DESCRIPTION OF THE TASK
Among the entries below, only the lines from the one with "以上图片:2026年1月16" through the one with "切って水に刺してるネモフィラ。 室外のベランダの方が花持ちいい気がする。 切り花からでも種取れる花種が" are to be retyped, exactly and without pictures.

DATASET RECORDS
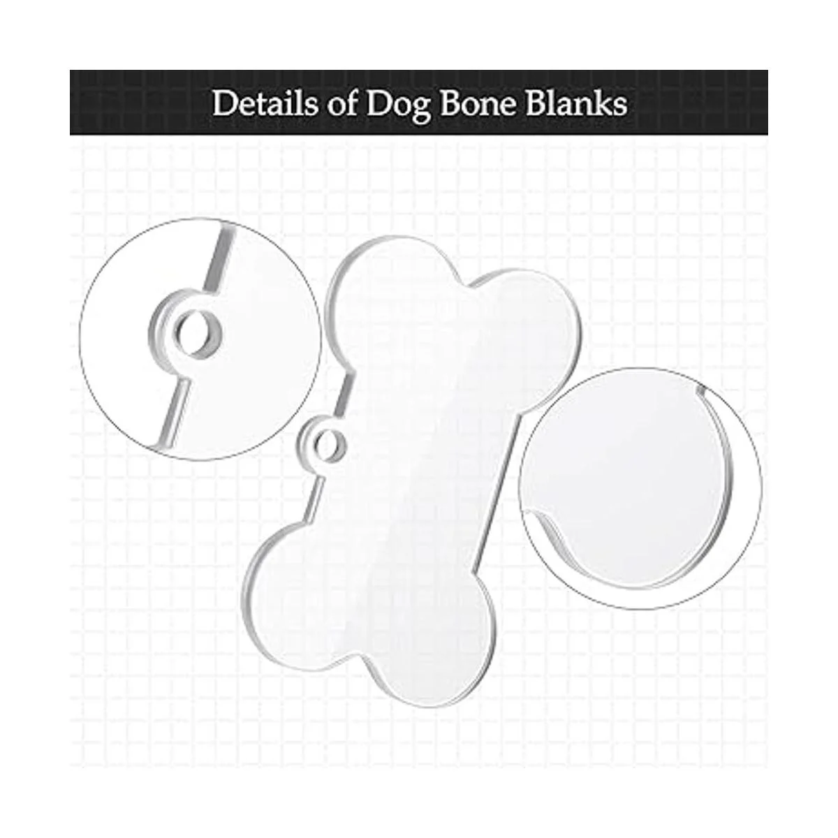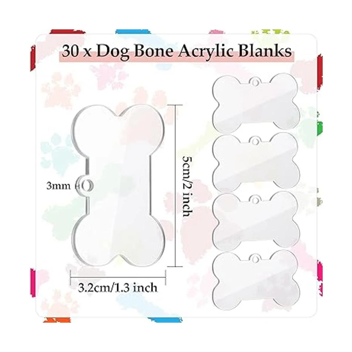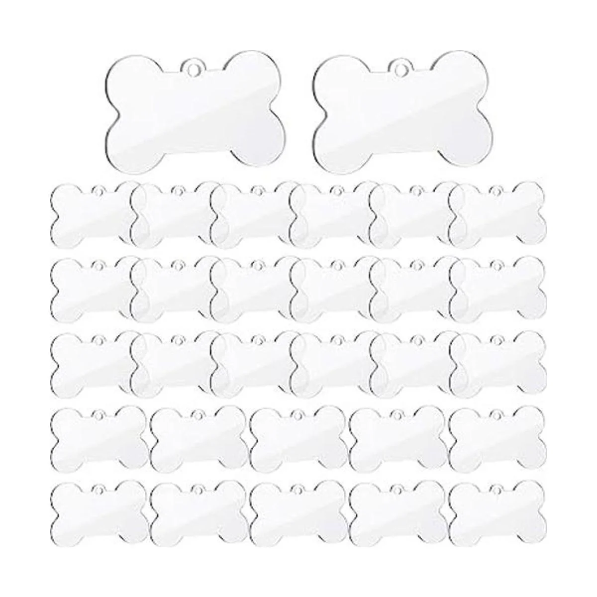 30 etiquetas de sublimación en blanco para perro, llavero de acrílico transparente, forma de hueso de perro, discos transparentes precortados para proyectos de vinilo personalizados estilo hueso, Acrílico, Sin gemas.
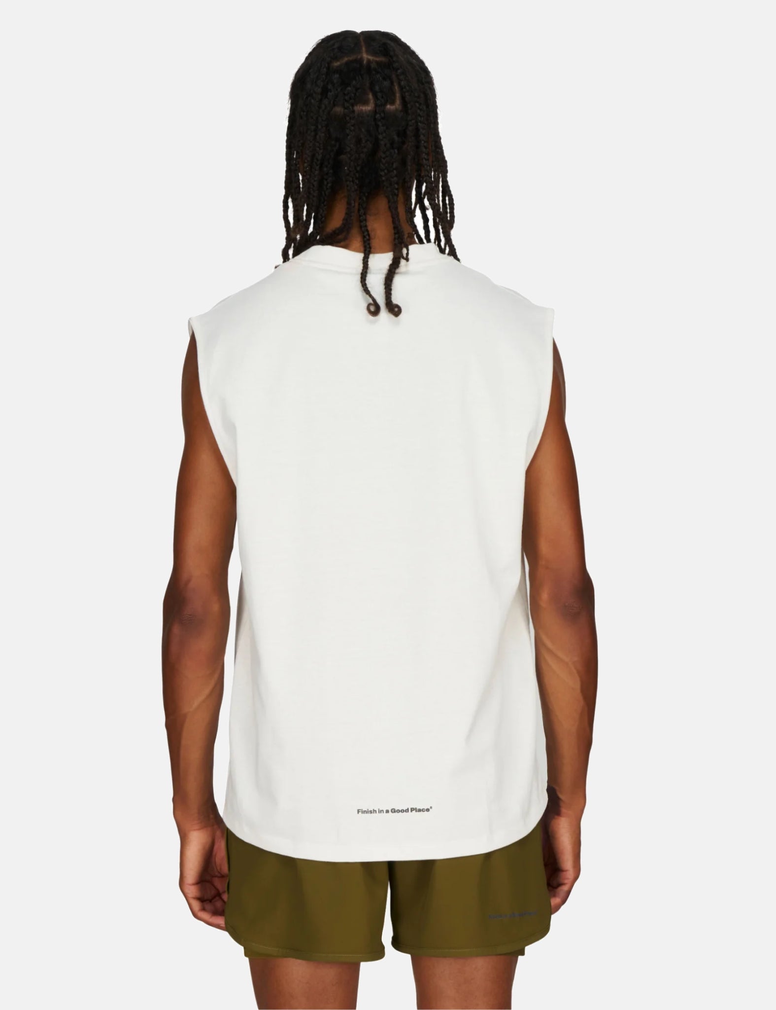 Say hello to the UNNA gents' tank top in vanilla white, boasting a regular fit. Crafted from a blend of organic cotton and recycled polyester, featuring a reflective transfer print of the UNNA logo on the front and a reflective "Finish in a Good Place" slogan on the back.
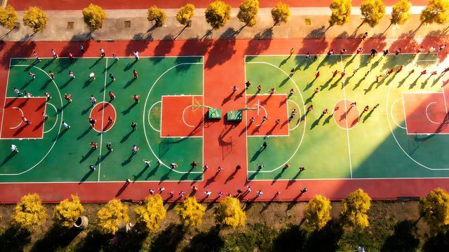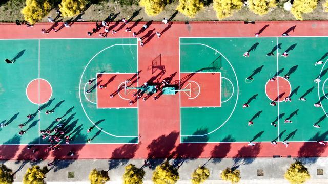 以上图片:2026年1月16日,在江西省吉安市遂川县博雅学校,学生在进行体育活动。(无人机照片)CICPHOTO/李建平摄
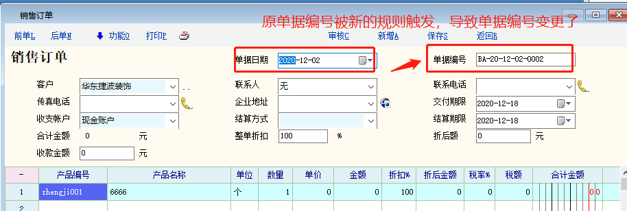 一修改日期,此时单据编号也会自动变了,变变成另外一个号码比如:BA-20-12-02-0002
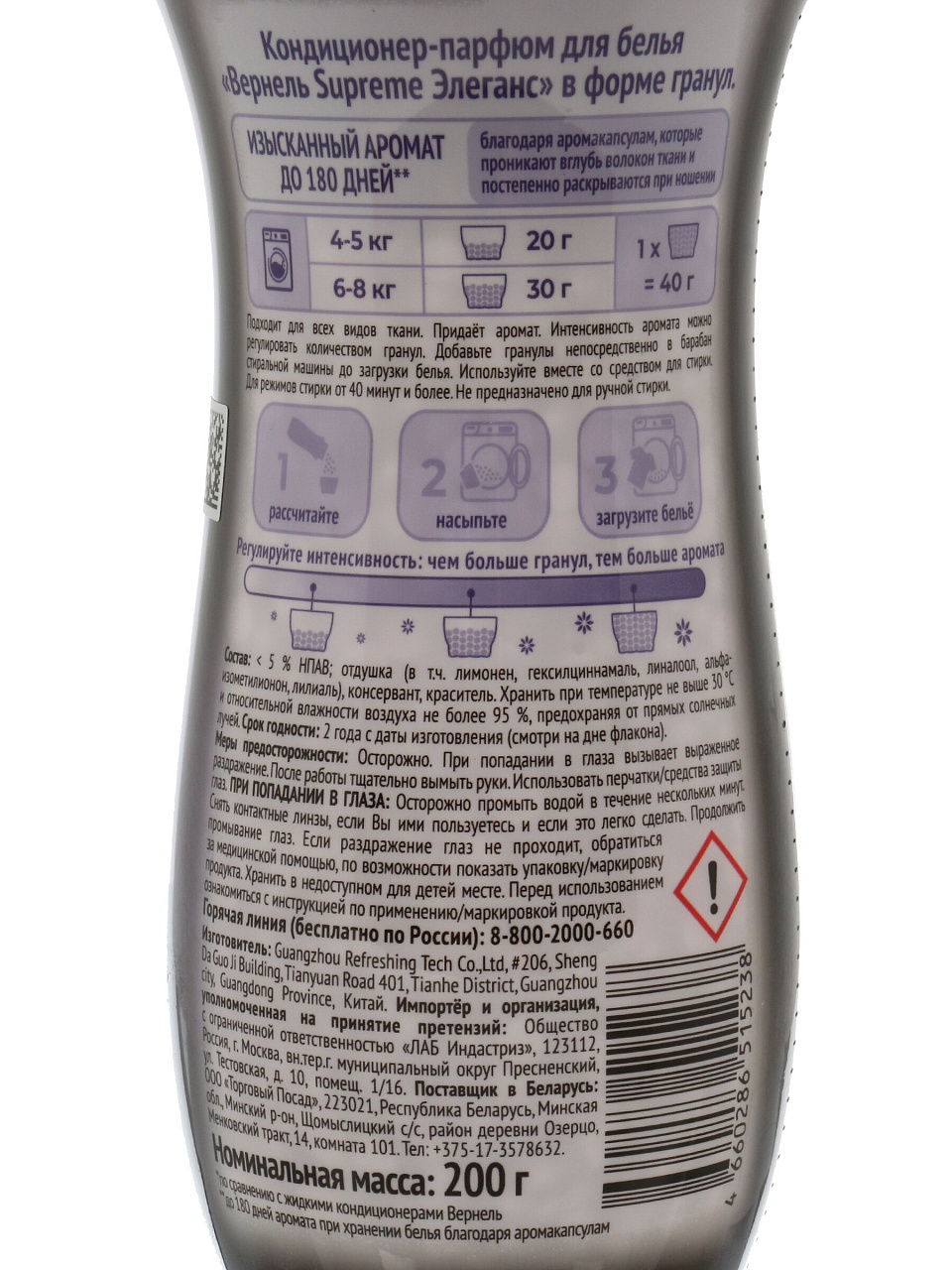 Кондиционер для белья в гранулах Вернель, 200 г, Супрэм Элеганс — стойкий аромат и свежесть белья до 12 недель, экономия времени и забота о тканях.
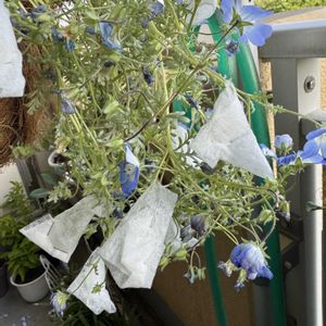 切って水に刺してるネモフィラ。 室外のベランダの方が花持ちいい気がする。 切り花からでも種取れる花種が あるそうだけど、ネモフィラも取れないかなぁ? 鉢植えや、ハンギング分は、 かなり乱れまくってて 突然変異で、白花と分かりやすく 枝分けしたように切り戻し分です。 種取れたら、また、来年の楽しみになるのだけど!😊🩷
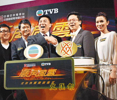 ■中央電視台與香港無線電視合作拍攝《歲月風雲》。圖為中國國際電視總公司總經理馬潤生與香港無線電視台廣播業務總經理陳志雲互換台標,並興奮地握手,宣告兩家電視媒體合作的開始。

RESPONSE
 以上图片:2026年1月16日,在江西省吉安市遂川县博雅学校,学生在进行体育活动。(无人机照片)CICPHOTO/李建平摄
 一修改日期,此时单据编号也会自动变了,变变成另外一个号码比如:BA-20-12-02-0002
 Кондиционер для белья в гранулах Вернель, 200 г, Супрэм Элеганс — стойкий аромат и свежесть белья до 12 недель, экономия времени и забота о тканях.
 切って水に刺してるネモフィラ。 室外のベランダの方が花持ちいい気がする。 切り花からでも種取れる花種が あるそうだけど、ネモフィラも取れないかなぁ? 鉢植えや、ハンギング分は、 かなり乱れまくってて 突然変異で、白花と分かりやすく 枝分けしたように切り戻し分です。 種取れたら、また、来年の楽しみになるのだけど!😊🩷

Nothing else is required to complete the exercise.